Open ldenoue opened 7 years ago

ldenoue commented 7 years ago

In http://caza.la/synaptic/#/dsr, input dimension is 6, output is 2. I thought an LSTM had the same input and output dimensions. When the output dimension is smaller, they use CTC algorithm to "align" the output sequence to the desired shorter label sequence. Could you clarify how your implementation manages to have different output dimensions? Thanks, Laurent

Jabher commented 7 years ago

@cazala this it yours thing to talk about :)
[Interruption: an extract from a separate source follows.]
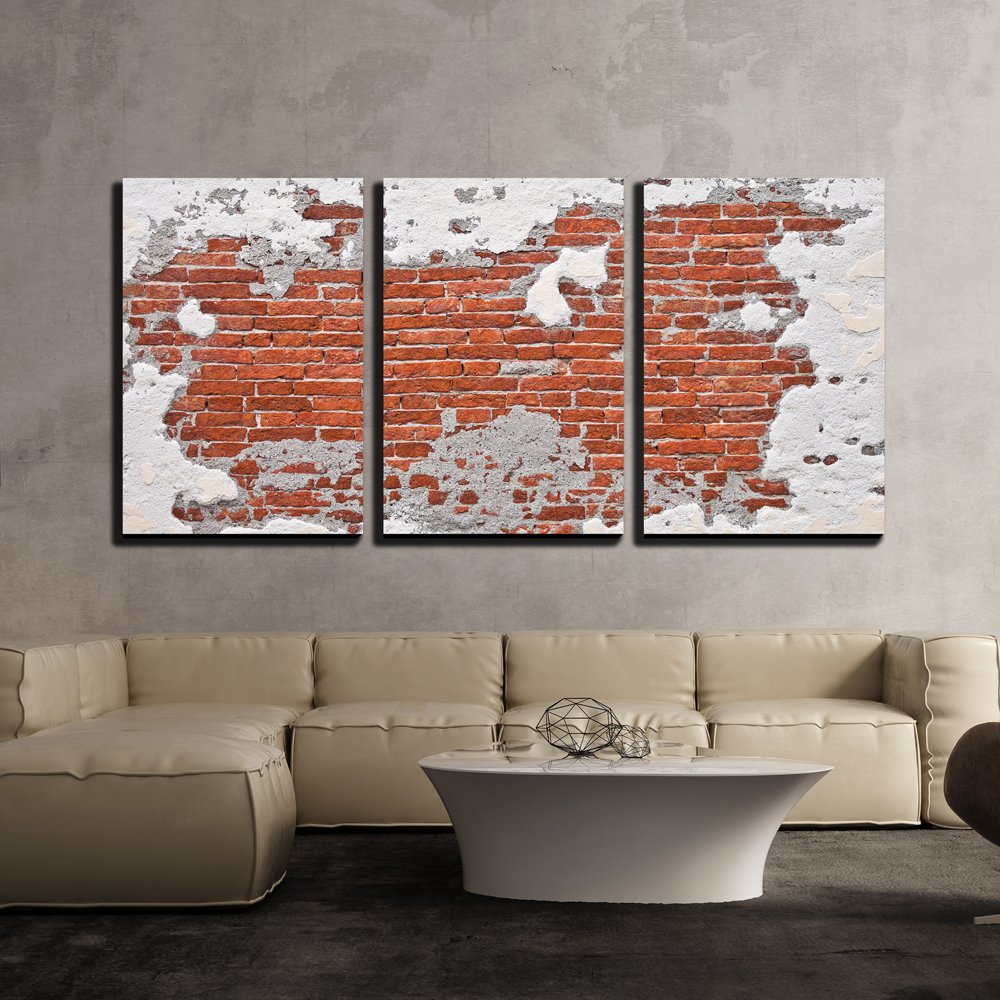 3 Piece Canvas Wall Art - Erosion of The Brick Wall - Modern Home Art Stretched and Framed Ready to Hang - 24"x36"x3 Panels

cazala commented 7 years ago

A regular LSTM is a network with 6 layers: input layer, input gate, forget gate memory cell, output gate and output layer (activated in that order). The layers that must have the same lenght are the input gate, forget gate, memory cell and output gate, basically because for each neuron in the memory cell, there's one neuron in the input gate gating all the inbound connection, a neuron in the forget gate gating the cell's self connection, and a neuron in the output gate gating all the outbound connections. The arrangement of these four neurons is called a memory block. The size of the input layer and output layer is independent of the size of the memory block, since they have all-to-all connections to the memory cell layer.

ldenoue commented 7 years ago

Yes, thanks Juan. For others, I attached below my email answer to your email. One question still: do you know somebody who has implemented an alignment algo like CTC in Synaptic?

"I reread the excellent OCR work published by Breuel et al on using lstm nets for OCR. You're actually right: they use an input size of 32 and output size of k (k being the number of letters in the Unicode they need to recognize). The need for CTC in their case is that they don't have an a priori alignment of the pixel columns (inputs) to the Unicode values: all they know in their training dataset is that one line image maps to a string of Unicode characters. That's why they use the CTC layer to train the net."